-------- EXTRACTED MATERIAL

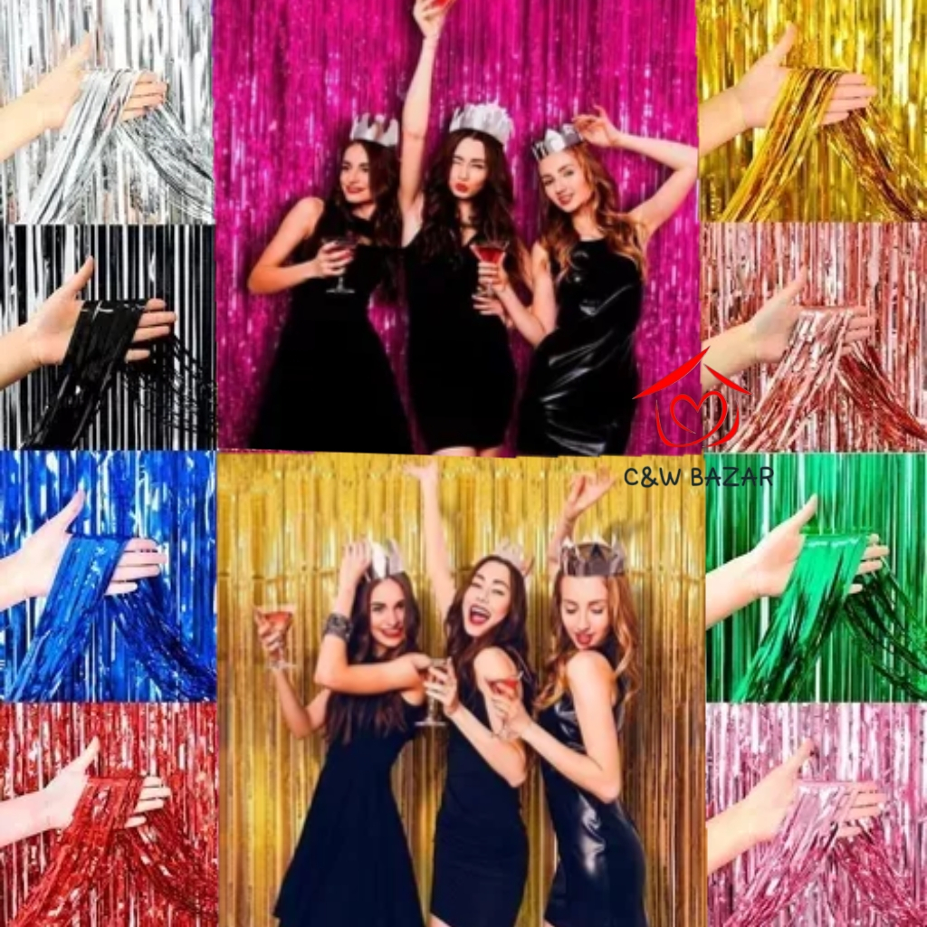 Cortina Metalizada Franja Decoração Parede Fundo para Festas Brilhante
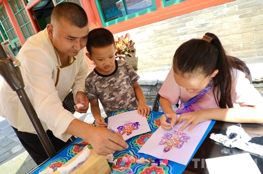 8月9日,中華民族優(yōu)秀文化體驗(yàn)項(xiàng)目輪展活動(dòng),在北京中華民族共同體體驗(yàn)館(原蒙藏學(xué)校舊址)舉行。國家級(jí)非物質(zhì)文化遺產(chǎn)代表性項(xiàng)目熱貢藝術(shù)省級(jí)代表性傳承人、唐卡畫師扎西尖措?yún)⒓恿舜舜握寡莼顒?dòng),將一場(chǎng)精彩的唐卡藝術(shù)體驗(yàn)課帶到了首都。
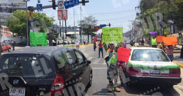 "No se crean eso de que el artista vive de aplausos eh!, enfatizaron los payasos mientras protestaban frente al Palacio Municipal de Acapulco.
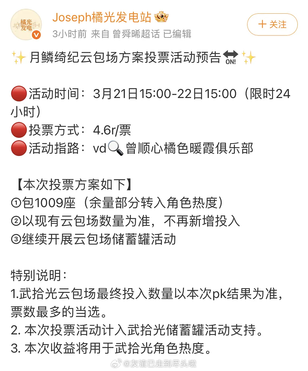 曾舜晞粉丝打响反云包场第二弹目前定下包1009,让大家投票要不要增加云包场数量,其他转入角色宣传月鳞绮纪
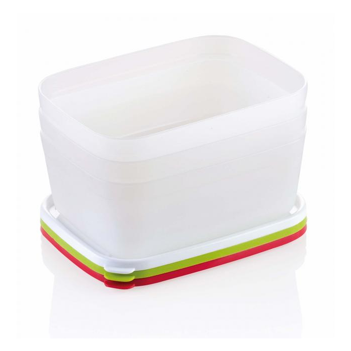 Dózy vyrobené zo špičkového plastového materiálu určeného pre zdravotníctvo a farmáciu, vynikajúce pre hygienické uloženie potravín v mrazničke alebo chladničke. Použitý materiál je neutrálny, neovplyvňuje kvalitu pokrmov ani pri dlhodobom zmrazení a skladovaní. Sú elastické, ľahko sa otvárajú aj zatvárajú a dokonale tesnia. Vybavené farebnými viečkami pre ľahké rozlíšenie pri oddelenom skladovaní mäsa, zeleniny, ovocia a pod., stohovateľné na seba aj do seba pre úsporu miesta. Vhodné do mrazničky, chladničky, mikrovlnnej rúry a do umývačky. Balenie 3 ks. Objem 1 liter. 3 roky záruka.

----------------
-------- EXTRACTED MATERIAL

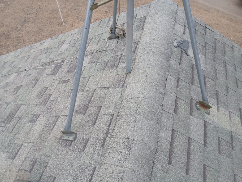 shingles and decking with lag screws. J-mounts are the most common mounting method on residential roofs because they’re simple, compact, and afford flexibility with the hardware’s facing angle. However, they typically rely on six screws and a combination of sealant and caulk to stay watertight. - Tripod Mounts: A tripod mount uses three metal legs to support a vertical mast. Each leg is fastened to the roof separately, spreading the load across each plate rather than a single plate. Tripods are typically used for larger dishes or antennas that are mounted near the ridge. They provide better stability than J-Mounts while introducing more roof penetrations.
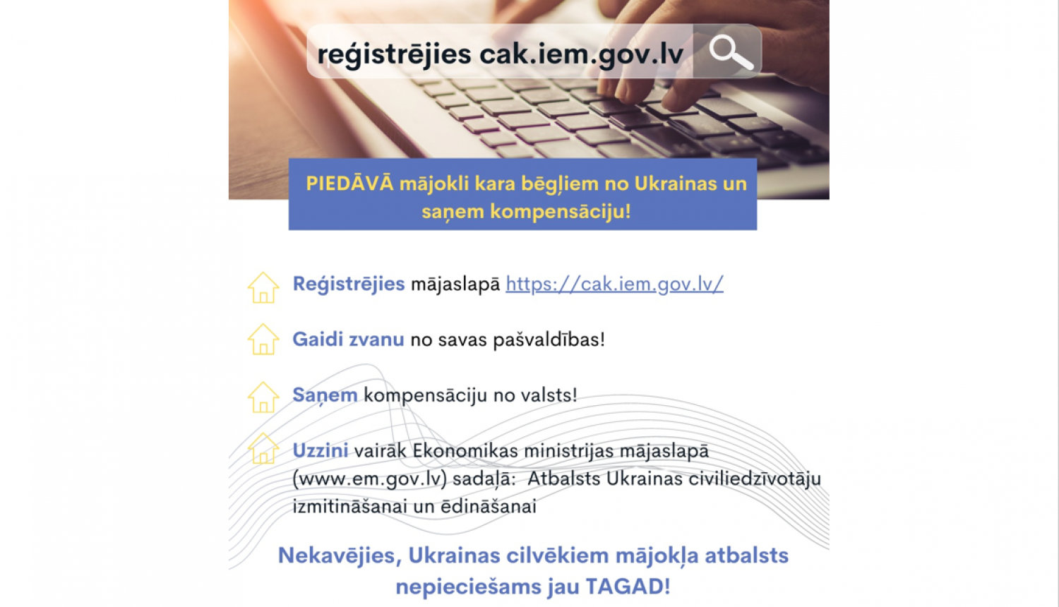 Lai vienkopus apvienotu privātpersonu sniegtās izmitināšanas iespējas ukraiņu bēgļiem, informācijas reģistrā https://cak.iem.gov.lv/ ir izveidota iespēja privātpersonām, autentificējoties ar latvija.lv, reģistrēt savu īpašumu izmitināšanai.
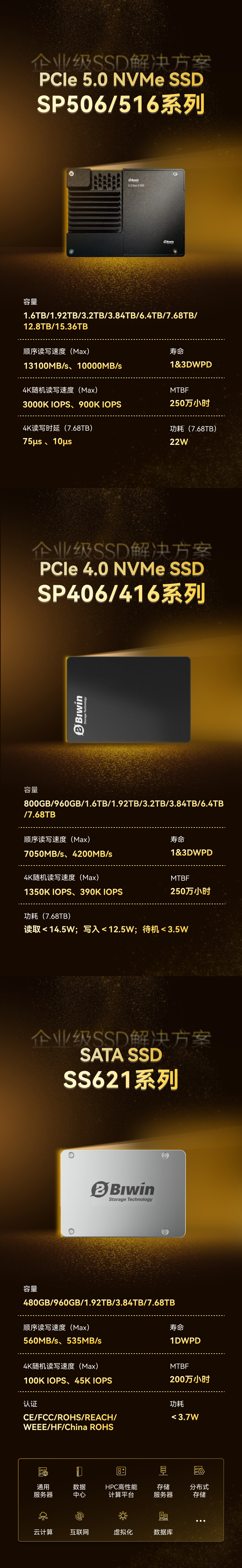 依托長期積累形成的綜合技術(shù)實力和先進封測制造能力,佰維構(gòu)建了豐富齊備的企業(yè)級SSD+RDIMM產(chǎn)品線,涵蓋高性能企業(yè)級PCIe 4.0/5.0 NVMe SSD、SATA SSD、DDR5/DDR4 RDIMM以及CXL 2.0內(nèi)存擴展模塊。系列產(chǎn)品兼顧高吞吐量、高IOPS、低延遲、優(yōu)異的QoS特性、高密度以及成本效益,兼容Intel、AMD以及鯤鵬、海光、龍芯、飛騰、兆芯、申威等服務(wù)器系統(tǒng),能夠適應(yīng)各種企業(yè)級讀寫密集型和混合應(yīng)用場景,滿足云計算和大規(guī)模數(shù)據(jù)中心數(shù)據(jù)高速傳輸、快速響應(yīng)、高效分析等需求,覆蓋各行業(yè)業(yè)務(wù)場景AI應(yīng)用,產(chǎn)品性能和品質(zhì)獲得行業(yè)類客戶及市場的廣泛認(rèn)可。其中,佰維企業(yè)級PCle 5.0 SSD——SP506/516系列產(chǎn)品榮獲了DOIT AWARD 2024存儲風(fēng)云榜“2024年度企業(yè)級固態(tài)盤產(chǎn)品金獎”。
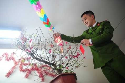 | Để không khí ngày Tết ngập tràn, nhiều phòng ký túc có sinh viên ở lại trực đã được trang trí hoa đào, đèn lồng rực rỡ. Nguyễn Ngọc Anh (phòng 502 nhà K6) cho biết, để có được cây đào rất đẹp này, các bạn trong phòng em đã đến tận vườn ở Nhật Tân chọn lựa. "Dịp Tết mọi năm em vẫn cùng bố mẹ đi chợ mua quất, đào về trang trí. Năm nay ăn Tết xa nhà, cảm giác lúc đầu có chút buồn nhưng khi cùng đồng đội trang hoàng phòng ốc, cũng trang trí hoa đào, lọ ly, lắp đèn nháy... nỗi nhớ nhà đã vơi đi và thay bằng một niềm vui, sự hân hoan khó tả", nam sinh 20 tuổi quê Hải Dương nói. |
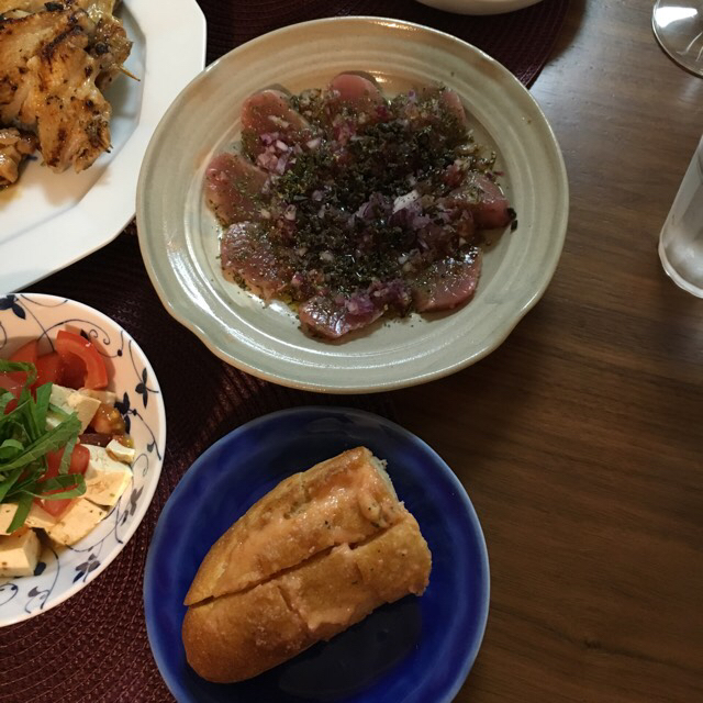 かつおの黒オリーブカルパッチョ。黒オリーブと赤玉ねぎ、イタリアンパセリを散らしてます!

----------------

PROBLEM REQUIREMENTS:
Everything from the line above that contains "Lai vienkopus apvienotu" down to the line that contains "かつおの黒オリーブカルパッチ" must be reproduced exactly, both ends included. Omit the pictures.

COMPLETED EXERCISE:
 Lai vienkopus apvienotu privātpersonu sniegtās izmitināšanas iespējas ukraiņu bēgļiem, informācijas reģistrā https://cak.iem.gov.lv/ ir izveidota iespēja privātpersonām, autentificējoties ar latvija.lv, reģistrēt savu īpašumu izmitināšanai.
 依托長期積累形成的綜合技術(shù)實力和先進封測制造能力,佰維構(gòu)建了豐富齊備的企業(yè)級SSD+RDIMM產(chǎn)品線,涵蓋高性能企業(yè)級PCIe 4.0/5.0 NVMe SSD、SATA SSD、DDR5/DDR4 RDIMM以及CXL 2.0內(nèi)存擴展模塊。系列產(chǎn)品兼顧高吞吐量、高IOPS、低延遲、優(yōu)異的QoS特性、高密度以及成本效益,兼容Intel、AMD以及鯤鵬、海光、龍芯、飛騰、兆芯、申威等服務(wù)器系統(tǒng),能夠適應(yīng)各種企業(yè)級讀寫密集型和混合應(yīng)用場景,滿足云計算和大規(guī)模數(shù)據(jù)中心數(shù)據(jù)高速傳輸、快速響應(yīng)、高效分析等需求,覆蓋各行業(yè)業(yè)務(wù)場景AI應(yīng)用,產(chǎn)品性能和品質(zhì)獲得行業(yè)類客戶及市場的廣泛認(rèn)可。其中,佰維企業(yè)級PCle 5.0 SSD——SP506/516系列產(chǎn)品榮獲了DOIT AWARD 2024存儲風(fēng)云榜“2024年度企業(yè)級固態(tài)盤產(chǎn)品金獎”。
 | Để không khí ngày Tết ngập tràn, nhiều phòng ký túc có sinh viên ở lại trực đã được trang trí hoa đào, đèn lồng rực rỡ. Nguyễn Ngọc Anh (phòng 502 nhà K6) cho biết, để có được cây đào rất đẹp này, các bạn trong phòng em đã đến tận vườn ở Nhật Tân chọn lựa. "Dịp Tết mọi năm em vẫn cùng bố mẹ đi chợ mua quất, đào về trang trí. Năm nay ăn Tết xa nhà, cảm giác lúc đầu có chút buồn nhưng khi cùng đồng đội trang hoàng phòng ốc, cũng trang trí hoa đào, lọ ly, lắp đèn nháy... nỗi nhớ nhà đã vơi đi và thay bằng một niềm vui, sự hân hoan khó tả", nam sinh 20 tuổi quê Hải Dương nói. |
 かつおの黒オリーブカルパッチョ。黒オリーブと赤玉ねぎ、イタリアンパセリを散らしてます!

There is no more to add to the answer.